● **SOURCE DATA**:
——————
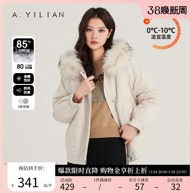 阿依莲2023新款短款羽绒服派克女冬小个子白鸭绒大毛领保暖厚外套
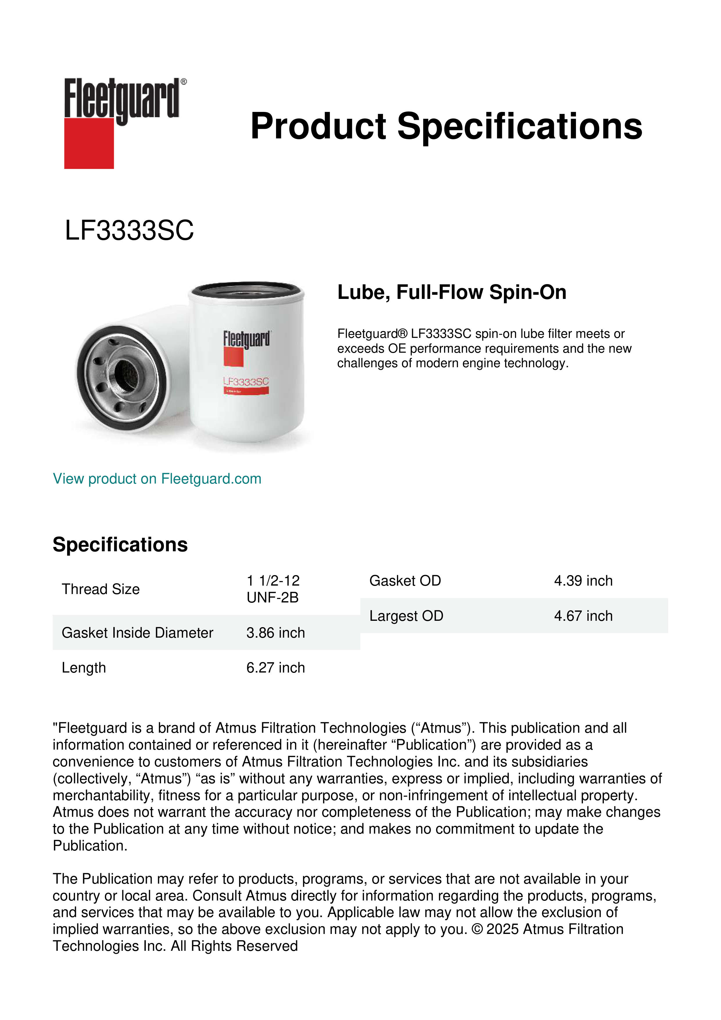 Fleetguard® LF3333SC spin-on lube filter meets or exceeds OE performance requirements and the new challenges of modern engine technology.Specification
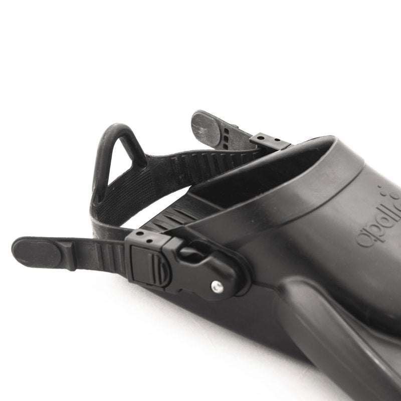 - The rubber strap provides a wider range of adjustability and adaptability to those size and shape variations as long as shoes and boots can fit into the fin boots pocket.
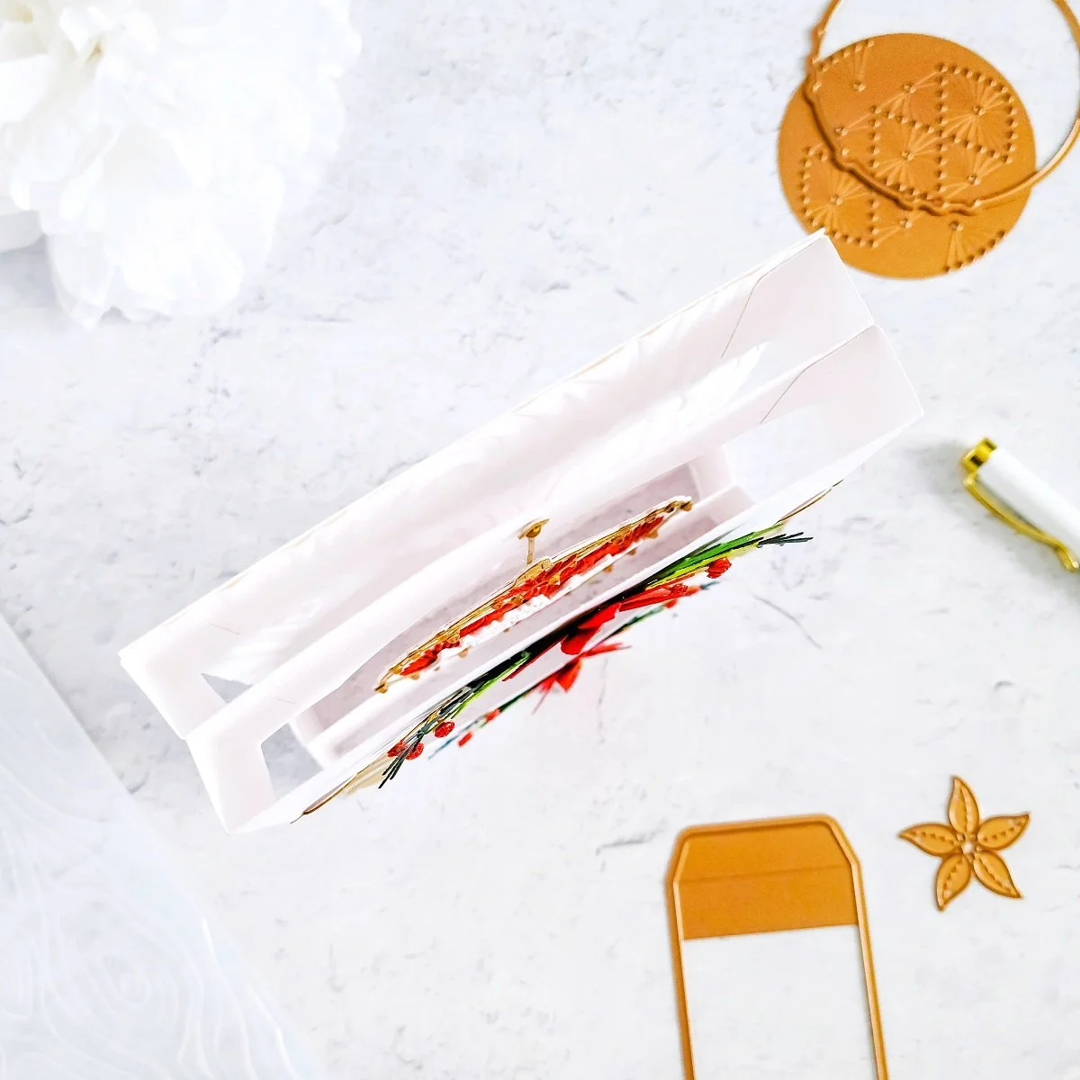 Therefore, to create the shadow box effect first, I went ahead to create the base so, to do that, I went ahead to cut from white cardstock four equal die-cutting pieces for the upper and lower parts of the card base using, one of the dies included in the club along with the Platinum 6 Die Cutting and Embossing Machine. Next, I used the insert die to cut out the rounded parts for the die-cutting pieces and then, I proceeded to fold over each of the scoring lines on each side from die-cutting pieces. By the way, the die also add those scoring lines at the same time that does the die-cutting process.
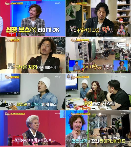 구글을 지향한다는 타이거JK는 자유로운 업무 분위기를 지향하기 때문에 회사에는 형식이나 규칙이 없다며 사무실을 소개했다. 영상을 보던 전현무는 널려있는 쓰레기와 곳곳에 짐이 쌓여있는 사무실을 보고는 “구글이 아니라 그냥 정리를 안 한 거 예요”라 했고, 구글 사옥과 아파트 상가에 위치한 타이거 JK사무실이 대조적으로 보이며 웃음을 선사했다.
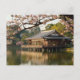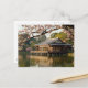 Japanese gardens are so beautiful! This postcard features a spring scene with a wooden hall built out over a tranquil pond. In the foreground, a branch laden with cherry blossom frames the scene.
——————
● **TASK OBJECTIVE**: When you reproduce the entries above, keep every word exactly and leave out each picture.

● **FINISHED TASK**:
 阿依莲2023新款短款羽绒服派克女冬小个子白鸭绒大毛领保暖厚外套
 Fleetguard® LF3333SC spin-on lube filter meets or exceeds OE performance requirements and the new challenges of modern engine technology.Specification
 - The rubber strap provides a wider range of adjustability and adaptability to those size and shape variations as long as shoes and boots can fit into the fin boots pocket.
 Therefore, to create the shadow box effect first, I went ahead to create the base so, to do that, I went ahead to cut from white cardstock four equal die-cutting pieces for the upper and lower parts of the card base using, one of the dies included in the club along with the Platinum 6 Die Cutting and Embossing Machine. Next, I used the insert die to cut out the rounded parts for the die-cutting pieces and then, I proceeded to fold over each of the scoring lines on each side from die-cutting pieces. By the way, the die also add those scoring lines at the same time that does the die-cutting process.
 구글을 지향한다는 타이거JK는 자유로운 업무 분위기를 지향하기 때문에 회사에는 형식이나 규칙이 없다며 사무실을 소개했다. 영상을 보던 전현무는 널려있는 쓰레기와 곳곳에 짐이 쌓여있는 사무실을 보고는 “구글이 아니라 그냥 정리를 안 한 거 예요”라 했고, 구글 사옥과 아파트 상가에 위치한 타이거 JK사무실이 대조적으로 보이며 웃음을 선사했다.
 Japanese gardens are so beautiful! This postcard features a spring scene with a wooden hall built out over a tranquil pond. In the foreground, a branch laden with cherry blossom frames the scene.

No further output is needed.